Teaching Students About Robert F. Kennedy: A Comprehensive Guide


Robert F. Kennedy is an iconic figure in American history. He was a crucial force in the civil rights movement, the war on poverty, and was a staunch advocate for peace. As educators, it is important to impart knowledge about his life and contributions to our students to help them understand the power of their voice and the importance of civic engagement.

1. Start with a brief biography

Begin by giving your students a brief overview of Robert F. Kennedy’s life. Born in 1925, Robert F. Kennedy was a brother of President John F. Kennedy and served as Attorney General during his brother’s time in office. He was later elected as a New York senator and became known for his dedication to human rights, social justice, and combating organized crime. His life tragically ended in 1968 when he was assassinated during his presidential campaign.

2. Discuss his role as Attorney General

As Attorney General, Robert F. Kennedy played a pivotal role in enforcing civil rights legislation and dismantling organized crime syndicates. Explore with your students the efforts he took to integrate schools and public spaces while also shedding light on his fight against the Mafia by mobilizing federal resources.

3. Dive into his senatorial accomplishments

As a senator from New York, Robert F. Kennedy championed many progressive policies such as education reform, healthcare access, and economic equality for minority groups and low-income families.
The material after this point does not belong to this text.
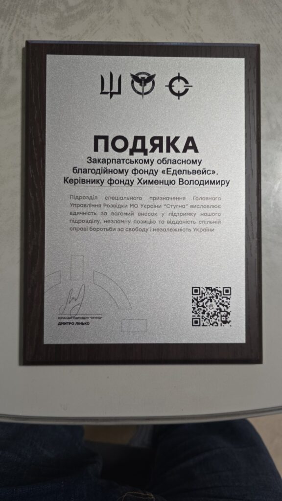 Керівнику Закарпатського обласного благодійного фонду «Едельвейс» Володимиру Химинцю вручено подяку від підрозділу спеціального призначення Головного управління розвідки Міністерства оборони України «Стугна».

Encourage your students to examine how these policies continue to shape our nation today.

4. Analyze his presidential campaign

While studying his presidential bid, discuss with your students how Robert F. Kennedy’s vision for America centered on healing racial divisions, ending poverty and promoting peace across the globe. Investigate the issues he campaigned on and how they resonate with current social causes today.
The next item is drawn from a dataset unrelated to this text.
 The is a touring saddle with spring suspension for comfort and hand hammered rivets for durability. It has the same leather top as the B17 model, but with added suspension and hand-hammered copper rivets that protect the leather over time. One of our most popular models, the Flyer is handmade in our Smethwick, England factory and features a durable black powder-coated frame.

5. The assassination and its impact on American politics

Finally, guide your students through the events revolving around Robert F. Kennedy’s assassination on June 5, 1968, after winning the California Democratic primary. Delve into the immediate aftermath, including public reactions and the subsequent trial of Sirhan Sirhan, the man convicted of his murder.


By teaching students about Robert F. Kennedy, they not only gain knowledge about a vital figure in American history but also better understand the power of compassion and determination in promoting social change. By doing so, we can inspire a new generation to continue working towards a better tomorrow, emboldened by Kennedy’s legacy and unyielding spirit.